Em cima da mesa estão abordagens naturais e artificiais tão diversas como plantar árvores, cultivar algas, recorrer à agricultura regenerativa, recuperar solos ou utilizar tecnologias para remover ou capturar CO2 e proceder ao seu armazenamento no subsolo ou noutros produtos.

É essencial equilibrar investimentos em tecnologias de remoção com esforços contínuos para reduzir as emissões de gases de efeito estufa na fonte. Inês dos Santos Costa
Associate partner de Sustentabilidade da Deloitte

A remoção de CO2 "deve ser encarada como complementar à redução das emissões, tal como numa hierarquia de prioridades. É essencial equilibrar investimentos em tecnologias de remoção com esforços contínuos para reduzir as emissões de gases de efeito estufa na fonte", assinala Inês dos Santos Costa, "associate partner" de Sustentabilidade e Clima da Deloitte.

Além das vantagens de contributo para a redução de emissões líquidas, estas abordagens "trazem benefícios como o desenvolvimento de novas tecnologias e inovação", o que "pode representar mais emprego e oportunidades de novas áreas de negócio", acrescenta Inês dos Santos Costa.

Manuel Gouveia Pereira, sócio e responsável pelas Áreas de Ambiente, Clima e ESG da GPA Advogados, também considera que tecnologias de captura e remoção de CO2 podem oferecer uma série de benefícios às empresas. "Todos os projetos e estratégias complementares para a redução de emissões de CO2 são bem-vindos. Embora o sequestro de CO2 não seja a única tecnologia possível, o que me parece importante é que existam medidas equilibradas e realistas, numa lógica de complementaridade que, a médio e longo prazo, permitam alcançar a neutralidade carbónica", sustentando ainda que "considerar que este tipo de projetos não é parte da solução é, a meu ver, um erro".

Com leis e regulamentos ambientais cada vez mais rigorosos, empresas que adotam tecnologias de captura e remoção de CO2 podem ficar mais perto de cumprir as metas de redução de emissões impostas pelos governos e instâncias europeias. Também podem gerar créditos de carbono, que podem ser vendidos em mercados de carbono, criando uma nova fonte de receita. "O Roteiro para a Neutralidade Carbónica 2050 demonstra que a neutralidade carbónica até 2050 é económica e tecnologicamente viável e assenta numa redução de emissões entre 85% e 90% até 2050, face a 2005, e numa compensação das restantes emissões através do sumidouro proporcionado pelas florestas e outros usos do solo", sublinha Manuel Gouveia Pereira.

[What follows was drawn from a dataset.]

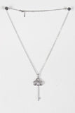 This lovely necklace features a cable link chain, Cubic Zirconia encrusted key shaped pendant, finished with an adjustable lobster hook closure.

Porém, os críticos das estratégias de remoção de carbono advertem que a possibilidade de remoção de CO2 pode dissuadir as empresas de reduzirem ao máximo as suas emissões, pondo em causa o fim principal que é a descarbonização das empresas. Para Francisco Ferreira, presidente da Zero, "a prioridade está claramente na redução das emissões". Na sua perspetiva, "devem ser medidas estruturais de redução do uso de combustíveis fósseis aquelas que devem ser prioritárias, e só para os casos em que não tenha mesmo possibilidade de alterar esse objetivo é que se deve pensar na captura e armazenamento de carbono".

Outra crítica amplamente apontada é a falta de maturidade de algumas tecnologias desenvolvidas para capturar, remover e armazenar carbono, além de serem também consideradas dispendiosas. Inês dos Santos Costa salienta, por exemplo, a incerteza associada a tecnologias que fazem o armazenamento geológico do carbono. "Ainda não está comprovada a eficácia, eficiência ou a segurança de curto a longo prazo deste tipo de soluções, além dos custos associados e potencial de escala", destaca. A "associate partner" também sublinha o "desvio de foco" das empresas ao colocarem recursos no desenvolvimento deste tipo de soluções, desviando-os de outras soluções de redução. "Podemos correr o risco de encararmos estas soluções como carta branca para continuar a emitir, o que não é sustentável dadas as interdependências existentes entre os vários fatores e serviços ambientais", defende.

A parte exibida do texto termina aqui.